> **Supplied information**

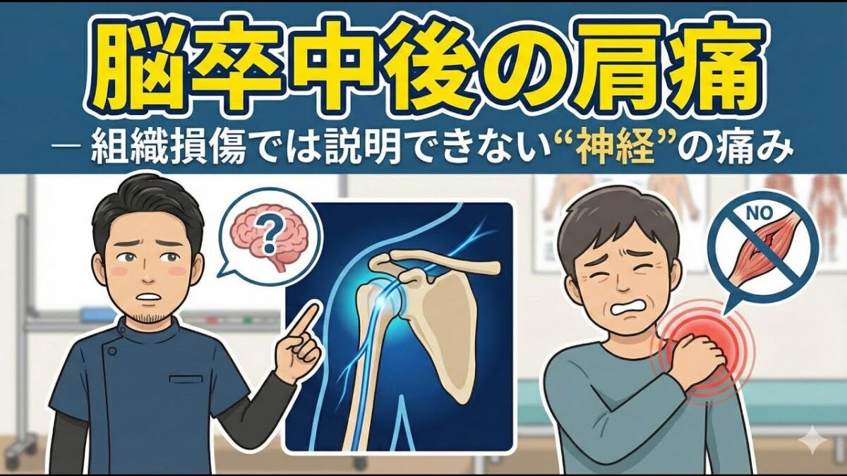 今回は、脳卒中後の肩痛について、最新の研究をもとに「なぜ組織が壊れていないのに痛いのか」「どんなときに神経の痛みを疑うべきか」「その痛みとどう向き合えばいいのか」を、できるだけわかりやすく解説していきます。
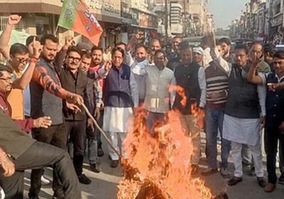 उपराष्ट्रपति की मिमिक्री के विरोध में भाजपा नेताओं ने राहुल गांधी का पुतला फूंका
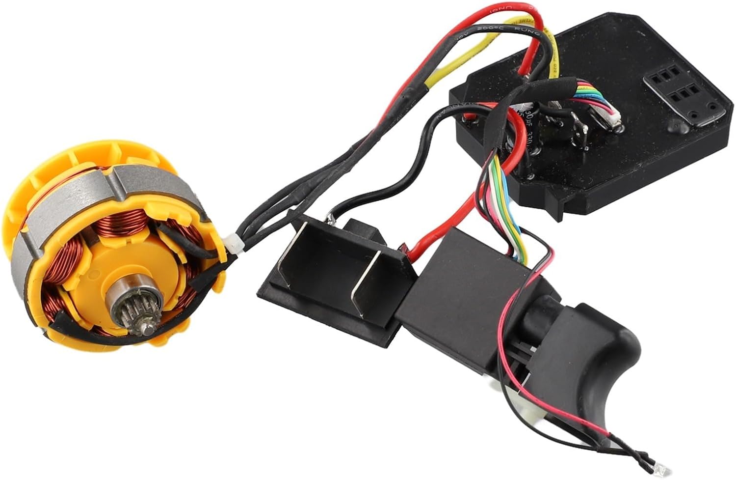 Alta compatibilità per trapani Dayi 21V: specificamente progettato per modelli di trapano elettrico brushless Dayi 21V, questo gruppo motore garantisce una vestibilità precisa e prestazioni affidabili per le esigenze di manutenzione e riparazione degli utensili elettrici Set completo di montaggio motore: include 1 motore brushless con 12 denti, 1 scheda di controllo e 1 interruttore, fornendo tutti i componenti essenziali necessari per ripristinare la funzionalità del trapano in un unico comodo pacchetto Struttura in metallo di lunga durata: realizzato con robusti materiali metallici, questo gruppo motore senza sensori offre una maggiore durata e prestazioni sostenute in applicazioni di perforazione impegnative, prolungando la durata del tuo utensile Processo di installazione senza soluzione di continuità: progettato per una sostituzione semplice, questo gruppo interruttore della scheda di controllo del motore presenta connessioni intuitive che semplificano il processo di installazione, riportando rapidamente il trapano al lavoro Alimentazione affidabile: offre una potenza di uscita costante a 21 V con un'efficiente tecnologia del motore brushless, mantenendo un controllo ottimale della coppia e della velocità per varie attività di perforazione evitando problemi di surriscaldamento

> **Directions**
Please print the lines exactly, from the top of the material through the line with "उपराष्ट्रपति की मिमिक्री", and omit the pictures.

> **Output for this exercise**
 今回は、脳卒中後の肩痛について、最新の研究をもとに「なぜ組織が壊れていないのに痛いのか」「どんなときに神経の痛みを疑うべきか」「その痛みとどう向き合えばいいのか」を、できるだけわかりやすく解説していきます。
 उपराष्ट्रपति की मिमिक्री के विरोध में भाजपा नेताओं ने राहुल गांधी का पुतला फूंका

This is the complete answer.